The correct answer and explanation is:
The correct answer is D: All of the statements above are true.
When a firm’s demand curve is perfectly elastic, it means that the firm can sell any quantity of output at a given price, but it cannot charge a price higher than that level. The demand curve in this case is a horizontal line, reflecting the fact that the firm is a price taker. This characteristic can be broken down into several key implications:
- A: The firm has no market pricing power: Since the firm is a price taker in a perfectly elastic market, it has no control over the price at which it sells its goods. The firm must accept the prevailing market price and cannot increase the price without losing all its customers.

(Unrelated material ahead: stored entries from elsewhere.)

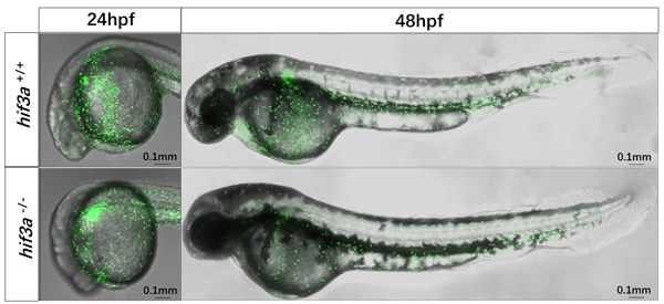 中国科学院水生生物研究所鱼类低氧生物学学科组博士蔡孝廉等,在进行鱼类低氧耐受与敏感的比较研究中,发现鱼类hif-3α可能与鱼类应对低氧胁迫密切相关。研究人员利用CRISPR/Cas9技术,在斑马鱼中敲除hif-3α基因。在实验室正常养殖条件下,hif-3α缺失斑马鱼的发育、生长和繁殖,与野生型斑马鱼相比,无显着差异。然而,hif-3α缺失斑马鱼胚胎的红细胞数量显着减少。鉴于红细胞在机体内具有运载氧的特殊功能,科研人员对hif-3α缺失斑马鱼与野生斑马鱼的低氧耐受能力进行系统的比较分析。研究发现,无论是胚胎还是成体,hif-3α缺失斑马鱼的低氧耐受能力降低;hif-3α缺失斑马鱼的红细胞发育迟缓,大部分阻滞在初始状态,成熟红细胞数量少。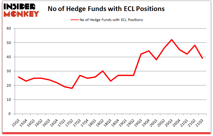 Ecolab Inc. (NYSE:ECL) has experienced a decrease in hedge fund sentiment lately. Ecolab Inc. (NYSE:ECL) was in 39 hedge funds’ portfolios at the end of the third quarter of 2021. The all time high for this statistic is 52. Our calculations also showed that ECL isn’t among the 30 most popular stocks among hedge funds (click for Q3 rankings).
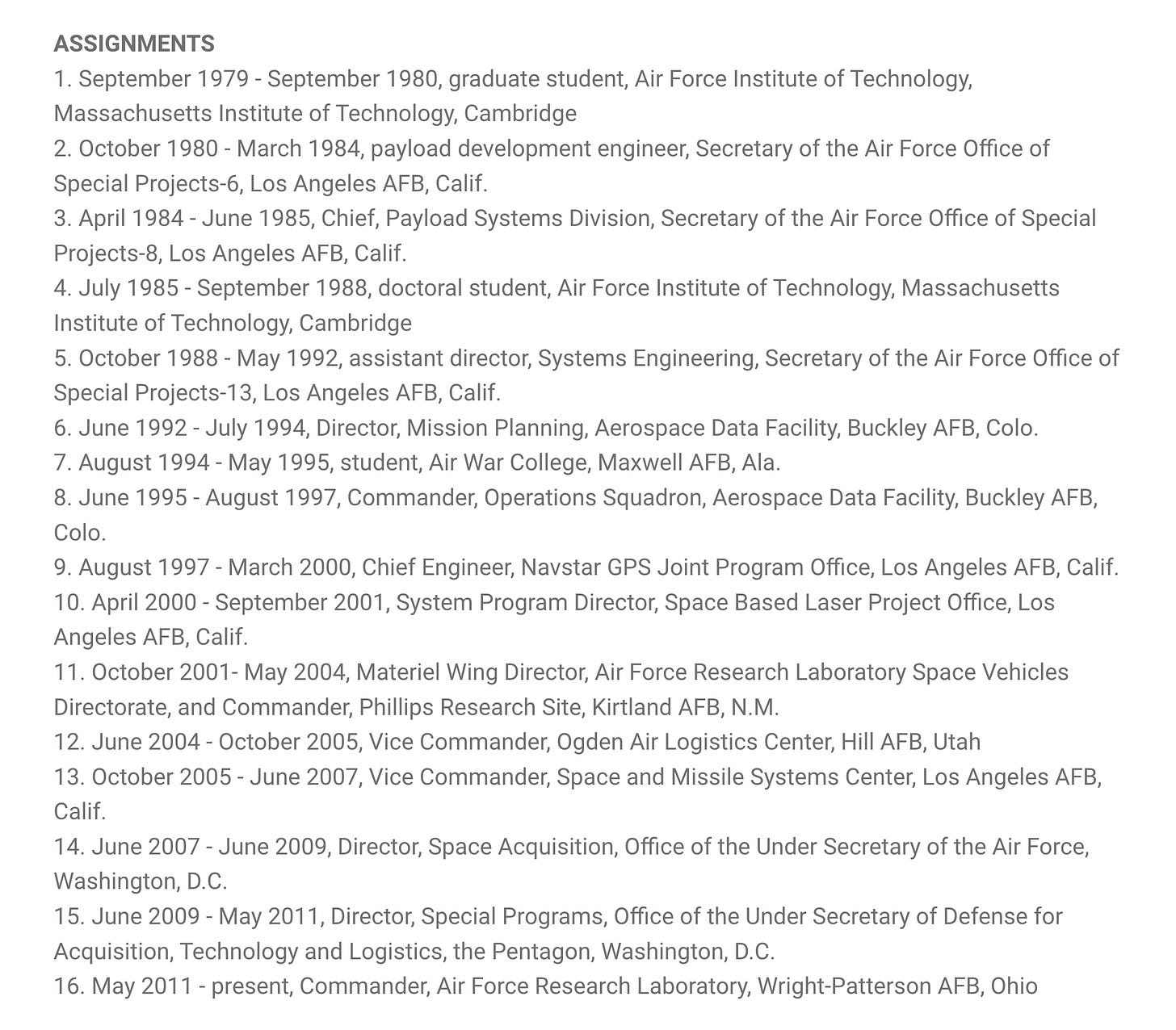 His two most notable appointments include Director of Special Programs within the Office of the Under Secretary of Defense for Acquisition, Technology and Logistics from 2009 to 2011, as well as his his commanding position of the Air Force Research Laboratory (AFRL) at Wright-Patterson Air Force Base in Ohio from 2011 to 2013.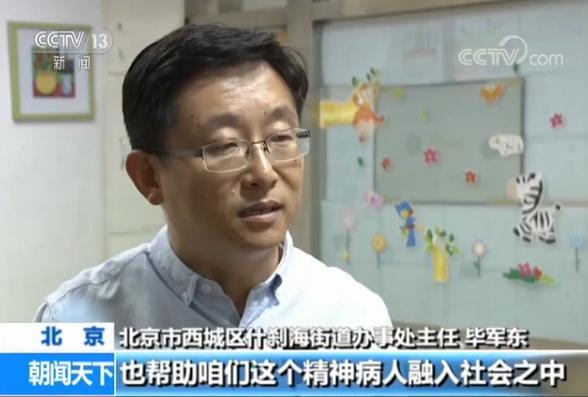 北京市西城区什刹海街道办事处主任 毕军东:康复日间照料站,一个是给稳定的精神病人创造一个相互沟通、相互交流的平台,同时我们请专业机构参与到康复项目中来,也帮助精神病人融入社会之中,采取一些好的各种形式的活动。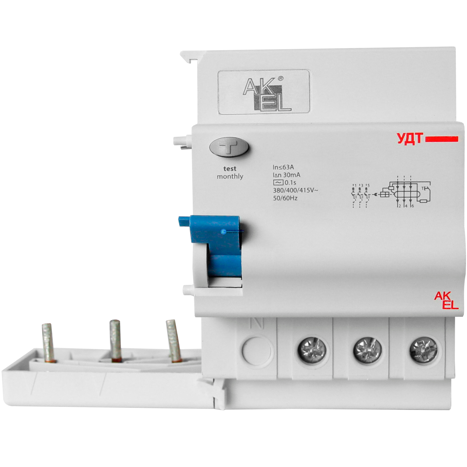 Устройство дифференциального тока УДТ-AKSOL-3P 30mA ТипAC 3P/380/400/415VAC/30mA, код 430324, производитель АКЭЛ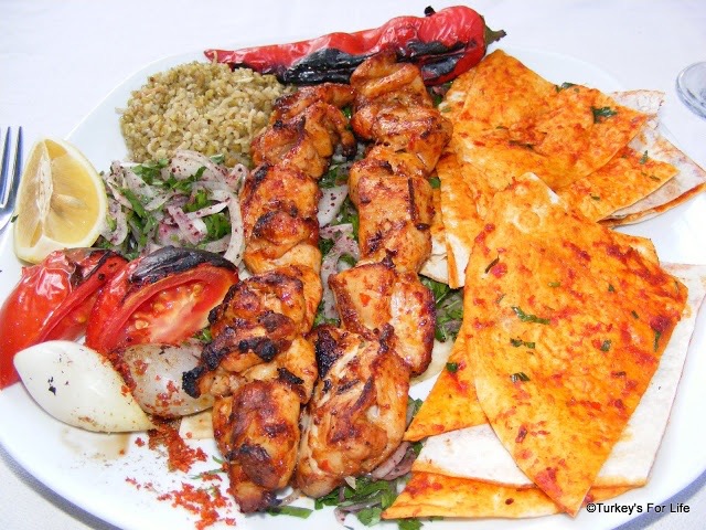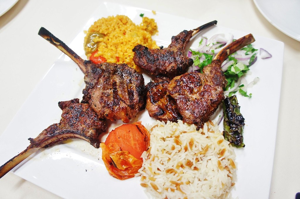 Grillowane na kamieniach lawowych szaszłyki z mięsa z baraniny marynowane w naszym specjalnym sosie, sałatka, grillowana papryka i pomidor.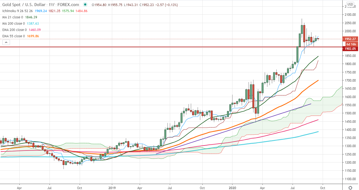 The gold is trading in a narrow range between $1973 and $1932 for the past one week. The slight weakness in the US dollar index is supporting prices at lower levels The US fed confirms in monetary poly meeting that interest rates until at least the end of 2023. The US retail sales came at 0.7% slightly less than the forecast of 1.%. The number of people who filed for unemployment benefits declined by 33000 to 86000 in the week ended Sep 12th. The housing starts and building permits came much weak than the estimate. US dollar index continues to trade weak and any violation below 92.70 will drag till 92.40/91.50. It hits an intraday high of $1955 and is currently trading around $1952.53.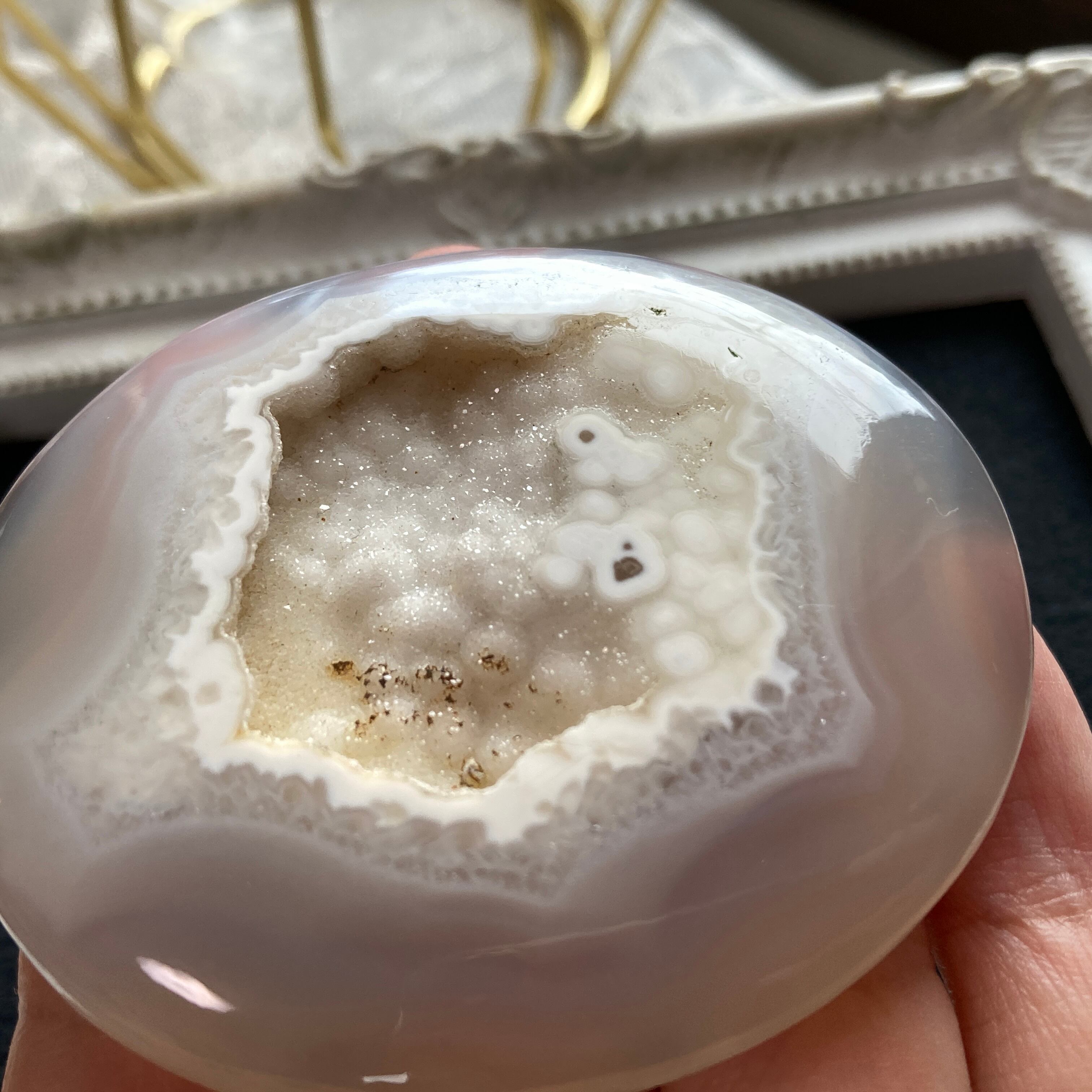 こちらはそんなボツワナアゲートの中央部分にドゥルージーが楽しめる大変個性的なルースです。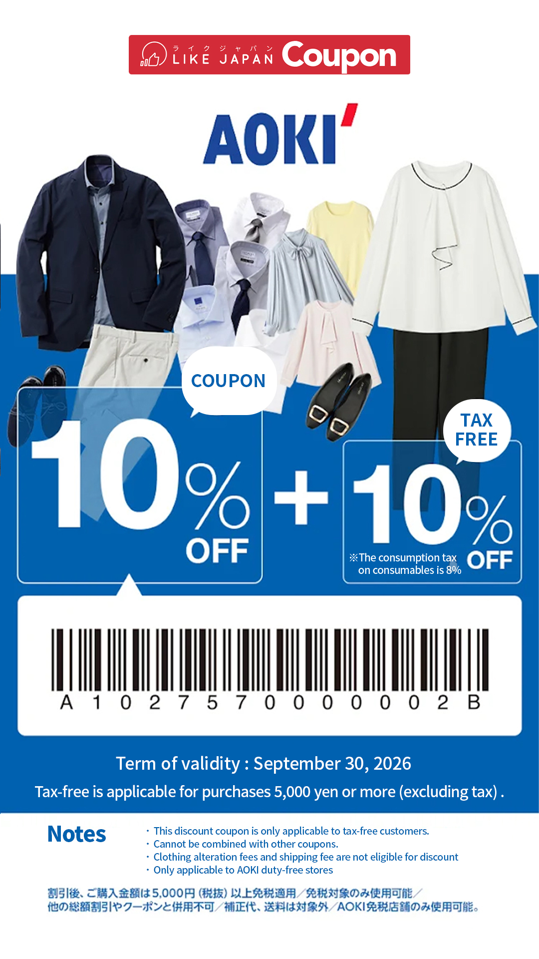 AOKI Japanese Suit company: Tax Free 10%+10%OFF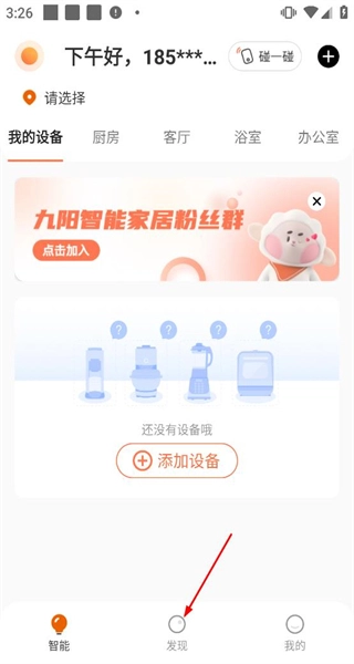 1、打开软件后,进入智能页面,看到添加设备等入口,点击底部发现选项进入内容页面。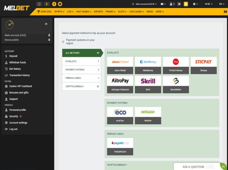 Banking銀⾏業務選項 的 MELBET Casino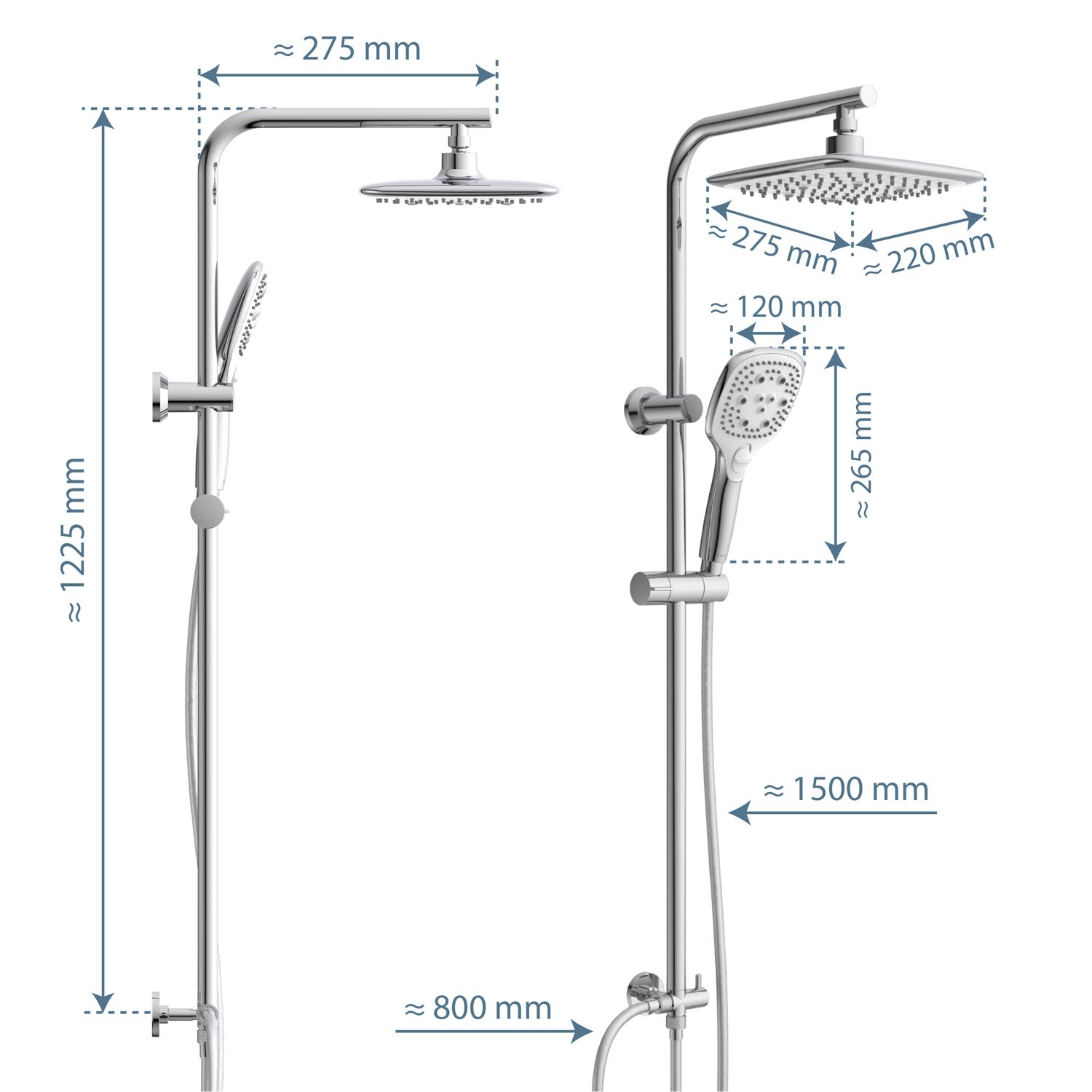 - mit Handbrausehalter (auch geeignet für alle handelsüblichen Handbrausen)

- B: The firm is in a state of perfect competition: Perfect competition is defined by several criteria, one of which is that firms sell identical products, and there are many firms in the market. In such a market, the demand curve for an individual firm is perfectly elastic because each firm’s product is indistinguishable from the others. No firm can charge more than the market price, leading to a horizontal demand curve.
- C: It can produce as little or as much as it wants and it sells products at the same price: In a perfectly competitive market, the firm can decide how much to produce, but no matter how much it produces, it will sell its goods at the market price. The key point here is that the price remains constant regardless of the quantity supplied by the firm, reflecting the perfect elasticity of demand for its product.
These conditions align with the principles of perfect competition, where numerous firms produce homogeneous products, and no firm has the ability to influence the market price. Therefore, D is correct, as all statements accurately describe the implications of a perfectly elastic demand curve for a firm.